Liljequist parhelion

A Liljequist parhelion is a rare halo, an optical phenomenon in the form of a brightened spot on the parhelic circle approximately 150–160° from the sun; i.e., between the position of the 120° parhelion and the anthelion.

While the sun touches the horizon, a Liljequist parhelion is located approximately 160° from the sun and is about 10° long. As the sun rises up to 30° the phenomenon gradually moves towards 150°, and as the sun reaches over 30° the optical effect vanishes.
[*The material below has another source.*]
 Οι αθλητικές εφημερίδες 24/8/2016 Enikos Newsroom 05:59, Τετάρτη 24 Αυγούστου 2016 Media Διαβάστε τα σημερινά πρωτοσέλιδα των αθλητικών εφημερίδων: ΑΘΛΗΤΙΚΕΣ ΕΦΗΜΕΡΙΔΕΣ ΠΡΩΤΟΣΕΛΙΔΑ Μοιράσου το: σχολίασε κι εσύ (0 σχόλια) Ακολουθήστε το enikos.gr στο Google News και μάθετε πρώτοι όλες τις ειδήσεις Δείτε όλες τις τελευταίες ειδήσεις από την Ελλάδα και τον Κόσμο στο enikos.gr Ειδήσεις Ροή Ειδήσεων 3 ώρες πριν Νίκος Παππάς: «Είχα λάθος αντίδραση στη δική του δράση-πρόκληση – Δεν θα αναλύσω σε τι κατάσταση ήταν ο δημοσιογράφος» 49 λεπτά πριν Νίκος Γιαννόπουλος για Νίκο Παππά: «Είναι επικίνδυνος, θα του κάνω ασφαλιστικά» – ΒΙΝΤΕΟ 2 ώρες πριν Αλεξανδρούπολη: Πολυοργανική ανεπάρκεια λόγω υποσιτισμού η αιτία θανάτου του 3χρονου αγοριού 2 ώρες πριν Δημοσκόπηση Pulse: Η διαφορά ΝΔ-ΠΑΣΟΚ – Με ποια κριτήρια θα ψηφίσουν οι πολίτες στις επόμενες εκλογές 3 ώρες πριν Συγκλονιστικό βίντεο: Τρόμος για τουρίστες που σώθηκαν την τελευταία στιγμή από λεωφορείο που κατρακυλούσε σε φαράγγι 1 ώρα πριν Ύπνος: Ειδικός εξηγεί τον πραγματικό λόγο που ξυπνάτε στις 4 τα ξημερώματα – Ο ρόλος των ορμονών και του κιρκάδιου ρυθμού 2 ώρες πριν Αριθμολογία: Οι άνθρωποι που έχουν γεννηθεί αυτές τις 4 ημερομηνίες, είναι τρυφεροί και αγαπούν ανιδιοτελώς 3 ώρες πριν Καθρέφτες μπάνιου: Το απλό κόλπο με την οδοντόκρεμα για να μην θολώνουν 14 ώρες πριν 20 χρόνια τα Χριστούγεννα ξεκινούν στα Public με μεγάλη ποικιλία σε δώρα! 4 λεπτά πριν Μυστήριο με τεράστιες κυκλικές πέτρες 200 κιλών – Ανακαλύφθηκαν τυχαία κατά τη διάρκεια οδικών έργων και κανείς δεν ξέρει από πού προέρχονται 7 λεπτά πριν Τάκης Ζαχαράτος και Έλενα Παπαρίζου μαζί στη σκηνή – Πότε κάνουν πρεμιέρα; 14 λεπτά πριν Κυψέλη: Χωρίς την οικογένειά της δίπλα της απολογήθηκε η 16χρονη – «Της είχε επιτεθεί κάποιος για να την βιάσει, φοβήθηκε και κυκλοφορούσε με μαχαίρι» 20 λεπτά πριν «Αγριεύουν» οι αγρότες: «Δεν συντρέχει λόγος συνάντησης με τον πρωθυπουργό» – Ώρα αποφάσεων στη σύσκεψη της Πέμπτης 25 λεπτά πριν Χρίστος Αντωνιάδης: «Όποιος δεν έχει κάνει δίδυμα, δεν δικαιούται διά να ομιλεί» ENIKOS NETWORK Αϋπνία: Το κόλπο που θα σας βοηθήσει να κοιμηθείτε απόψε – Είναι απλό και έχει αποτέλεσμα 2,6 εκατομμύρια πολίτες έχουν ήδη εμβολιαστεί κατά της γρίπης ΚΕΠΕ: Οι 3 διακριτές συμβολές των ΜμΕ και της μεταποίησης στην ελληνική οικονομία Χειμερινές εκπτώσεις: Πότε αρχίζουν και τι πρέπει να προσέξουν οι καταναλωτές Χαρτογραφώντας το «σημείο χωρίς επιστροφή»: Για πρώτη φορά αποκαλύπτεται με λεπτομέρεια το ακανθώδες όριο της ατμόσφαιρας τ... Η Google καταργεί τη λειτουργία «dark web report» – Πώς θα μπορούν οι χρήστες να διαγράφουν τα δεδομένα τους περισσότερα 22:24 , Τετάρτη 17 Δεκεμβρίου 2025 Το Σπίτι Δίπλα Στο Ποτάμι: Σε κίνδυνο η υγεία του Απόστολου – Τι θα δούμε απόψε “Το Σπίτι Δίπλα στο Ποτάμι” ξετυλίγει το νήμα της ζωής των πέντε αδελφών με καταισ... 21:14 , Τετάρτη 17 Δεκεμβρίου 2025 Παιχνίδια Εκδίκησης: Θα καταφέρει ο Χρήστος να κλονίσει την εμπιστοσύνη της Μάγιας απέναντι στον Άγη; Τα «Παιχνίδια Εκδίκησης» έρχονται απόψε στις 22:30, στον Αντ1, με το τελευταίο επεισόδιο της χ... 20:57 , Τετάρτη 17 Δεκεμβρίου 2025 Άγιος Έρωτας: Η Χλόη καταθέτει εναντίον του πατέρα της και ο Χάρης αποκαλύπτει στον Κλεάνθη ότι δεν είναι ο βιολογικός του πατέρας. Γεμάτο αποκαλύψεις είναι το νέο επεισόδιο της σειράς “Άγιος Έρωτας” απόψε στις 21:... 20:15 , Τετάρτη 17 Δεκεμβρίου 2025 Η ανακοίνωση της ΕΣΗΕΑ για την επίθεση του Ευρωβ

The parhelia are caused by light rays passing through oriented plate crystals.[1] Like the 120° parhelia, the Liljequist parhelia display a white-bluish colour. This colour is, however, associated with the parhelic circle itself, not the ice crystals causing the Liljequist parhelia[citation needed]. [2]

The phenomenon was first observed by Gösta Hjalmar Liljequist in 1951 at Maudheim, Antarctica during the Norwegian–British–Swedish Antarctic Expedition in 1949–1952. It was then simulated by Dr. Eberhard Tränkle (1937–1997) and Robert Greenler in 1987 and theoretically explained by Walter Tape in 1994.[1]

A theoretical and experimental investigation[3][4] of the Liljequist parhelion caused by perfect hexagonal plate crystals showed that the azimuthal position of maximum intensity occurs at

${\displaystyle \theta _{{\rm {L}}1}=2\arccos \left(n\sin \left({\frac {\pi }{3}}-\alpha _{\rm {TIR}}\right)\right)}$,

where the refractive index ${\displaystyle n}$ to use for the angle ${\displaystyle \alpha _{\rm {TIR}}=\arcsin(1/n)}$ of total internal reflection is Bravais' index for inclined rays, i.e. ${\displaystyle n(e)={\sqrt {n^{2}-\sin \left(e\right)^{2}}}/\cos \left(e\right)}$ for a solar elevation ${\displaystyle e}$. For ice at zero solar elevation this angle is ${\displaystyle \theta _{{\rm {L}}1}\approx 153^{\circ }}$. The dispersion of ice causes a variation of this angle, leading to a blueish/cyan coloring close to this azimuthal coordinate. The halo ends towards the anthelion at an angle ${\displaystyle \theta _{{\rm {L}}2}^{\rm {max}}}$

${\displaystyle \theta _{{\rm {L}}2}^{\rm {max}}={\frac {5\pi }{6}}+\arcsin \left(n\sin \left({\frac {\pi }{3}}-\alpha _{\rm {TIR}}\right)\right)}$.